Replication and Partitioning
In this section, we will take a look at two concepts which are generally used while scaling out data storage in a cloud environment. Consider a data storage system (any database), which needs to be scaled out for high availability in a cloud environment.
Replication:
In order to be highly available, the data needs to be stored in multiple nodes, so that if one node goes down, the other available nodes cater to the data requests. This process of having multiple copies of data is referred to as ‘Replication’.
Replication Factor:
A replication factor is the number of replicas (or copies) which would be maintained for each set of data. In the above diagram, the replication factor is two, since two copies are maintained apart from the primary data.
Challenges of replicating data:
Replication of data poses a very important challenge namely syncing of data. The changes made to any one copy of the data should be synced up in other nodes as well to guarantee consistency of data.
Partitioning:
Replication allows multiple copies of data to be available in multiple nodes. However, what if the data grows in size and one node is not capable of storing all the data. In such a scenario, we would need to split the data into multiple nodes, so that collectively those nodes account for the entire data. This process of splitting the data into multiple nodes is known as 'Partitioning'.

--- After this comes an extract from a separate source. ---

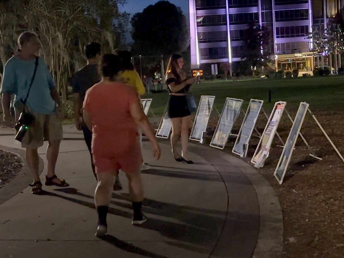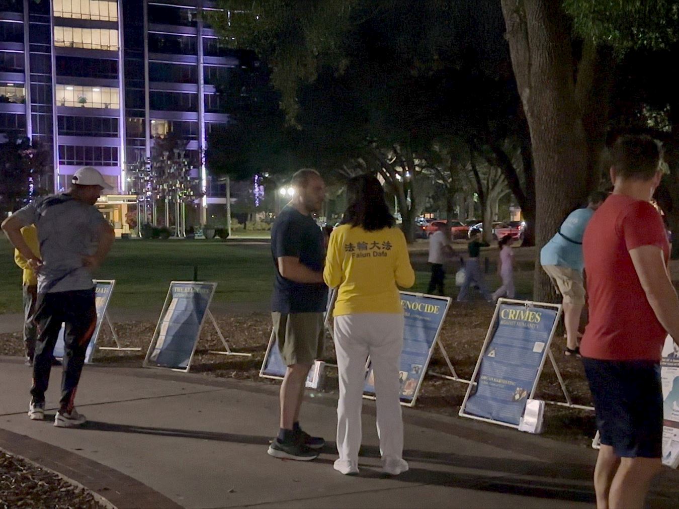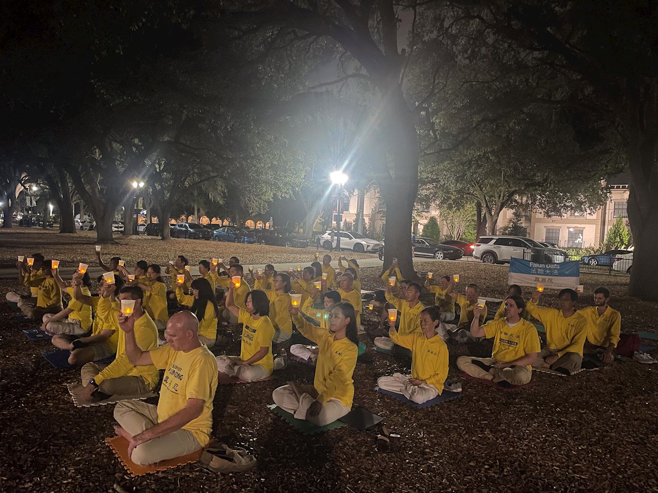 当夜色降临时,法轮功学员在伊奥拉湖畔举办烛光悼念活动。他们静静地席地而坐,点亮手中的蜡烛,悼念那些因坚守信仰而在遭中共迫害致死的法轮功修炼者。点点烛光映照着他们平静而坚毅的面容,展现出他们在高压下依然坚守信仰的勇气与力量。整个场面庄严肃穆。
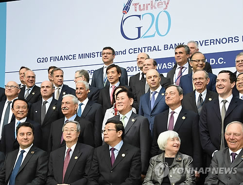 | △ 기념촬영하는 최경환 부총리 (서울=연합뉴스) 최경환 부총리 겸 기획재정부 장관이 17일(현지시간) 워싱턴 IMF에서 열린 G20재무장관·중앙은행총재회의에 참석, 각국 참석자들과 기념사진을 찍고 있다. photo@yna.co.kr |

Challenges of partitioning data:
When we partition the data, the system needs to maintain book keeping of which part of data is stored in which node. Based on this information, the system needs to query the corresponding node when a request is made, in order to guarantee high performance.
Replication and Partitioning combined:
Replication and Partitioning could be combined for high availability and scalability from a data perspective. Thus we can have the data partitioned into multiple nodes and each partitioned node could be replicated across multiple nodes.
For instance, in the example above, the data (A, B, C) is partitioned into three nodes, with each node having one set of data. Also, the data is replicated across all the three nodes, in such a way that the partitioned data and replicated data are present in a mutually exclusive manner in any node. i.e., Node 1 maintains partitioned data A and replica of data B, Node 2 maintains partitioned data B and replica of data C, Node 3 maintains partitioned data C and replica of data A.
In such a setup, if node 1 goes down, the system would retrieve the data A from the replica in node 3.
Reference Implementations:
Cassandra database provides partitioning and replication of data. Mongo DB also provides partitioning through partitioned collections.